Hari ke 1000 Meninggalnya Mbahku

09:34:00 Mad Solihin 0 Comments

Malam ini pada tanggal 10 Nopember 2014, keluargaku mengadakan selametan untuk memperingati hari ke 1000 meninggalnya Mbah Marto Diwiryo, mbahku. Biasanya orang menyebutnya dengan nama “nglempar”. Selametan tersebut diadakan di tiga tempat, Ba’da maghrib di Kemiri tempatnya lik Ripyanto. Ba’da isya di tempat lik Haryanto dan setelah itu di tempatnya lik Nur Ikhsan.
Minggu lalu, ada kejadian cukup aneh menjelang persiapan acara nglempar. Kejadian itu adalah waktu Markum, tetanggaku yang mau membayar listrik ke Karangmangu, oleh ayahku disuruh untuk ke banjar melihat kalau-kalau ada penjual “Kijing” atau “Paesan”, sebagai tanda yang diletakan diatas kuburan seseorang. Tanpa menyanggah, iapun melakukan seperti yang dikatakan oleh ayahku. Maka sewaktu Markum sudah sampai di toko penjual paesan, ia mencoba menelpon lik Nur Ikhsan samapai tiga kali namun tak terhubung. Karena belum punya kepastian mau beli atau tidak, maka Markumpun berkata kepada penjual paesan sebelum meninggalkannya, “Jika jadi beli, maka nanti ada yang kesini, masalahnya yang bersangkutan dihubungi tidak nyambung”.

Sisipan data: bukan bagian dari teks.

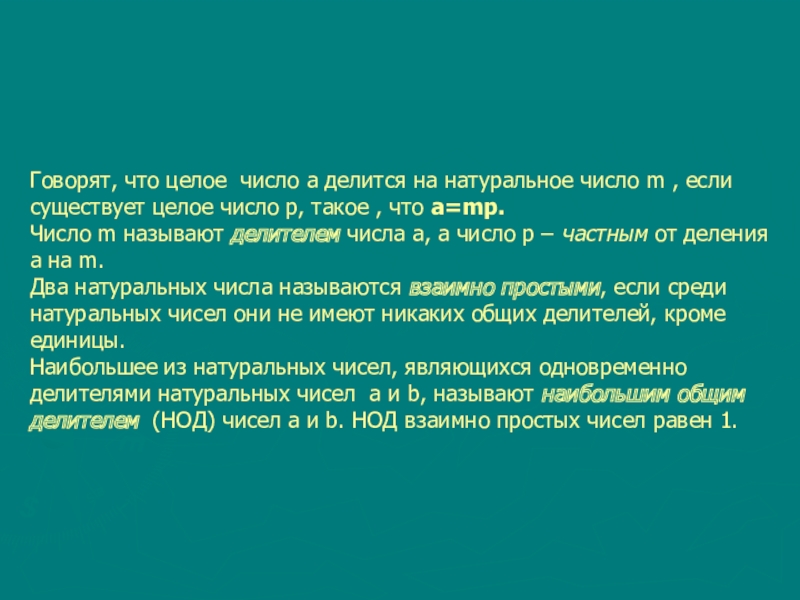 если существует целое число p, такое , что a=mp. Число m называют делителем числа a, а число p – частным от деления a на m. Два натуральных числа называются взаимно простыми, если среди натуральных чисел они не имеют никаких общих делителей, кроме единицы. Наибольшее из натуральных чисел, являющихся одновременно делителями натуральных чисел a и b, называют наибольшим общим делителем (НОД) чисел a и b. НОД взаимно простых чисел равен 1.
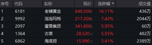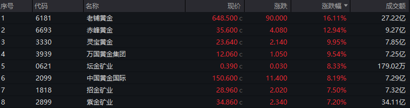 贵金属板块领涨,老铺黄金涨超16%,赤峰黄金涨近13%,万国黄金集团、灵宝黄金涨超9%。

Sampai di balaidesa yang kini mau dibangun lagi, Markum bertemu dengan Likku, Nur Ikhsan. Terjadilah percakapan antara keduanya perihal masalah diatas. Likku yang katanya di hubungi gak nyambung, tak pernah mematikan Hp, pun demikian tak ada panggilan masuk seperti yang dikatakan oleh Markum bahwa ia telah mencoba menghubunginya sampai tiga kali. Anehnya, ketika dicoba dihubungi lagi ternyata nyambung. Awalnya aku menganggap bahwa itu mungkin ganngguan sinyal atau mungkin hp nya yang eror.
Karena Lik Nur Ikhsan tak terlalu mengurusi masalah tersebut, maka ia menyuruh Markum untuk menemui Lik Haryanto. Disinilah yang membuatku cukup kaget dan pikiranku melayang-layang. Setelah Markum berbincang-bincang dengan Lik Haryanto, ternyata mbahku menemui Lik Haryanto yang katanya tak mau dibelikan. Karena itulah, ia menyuruh Markum untuk membeli semen dan membuat sendiri tanda kuburan tersebut. Ya, itulah yang terjadi. Mbahku menginginkan keturunannya yang membuatnya sendiri dan bukan orang lain.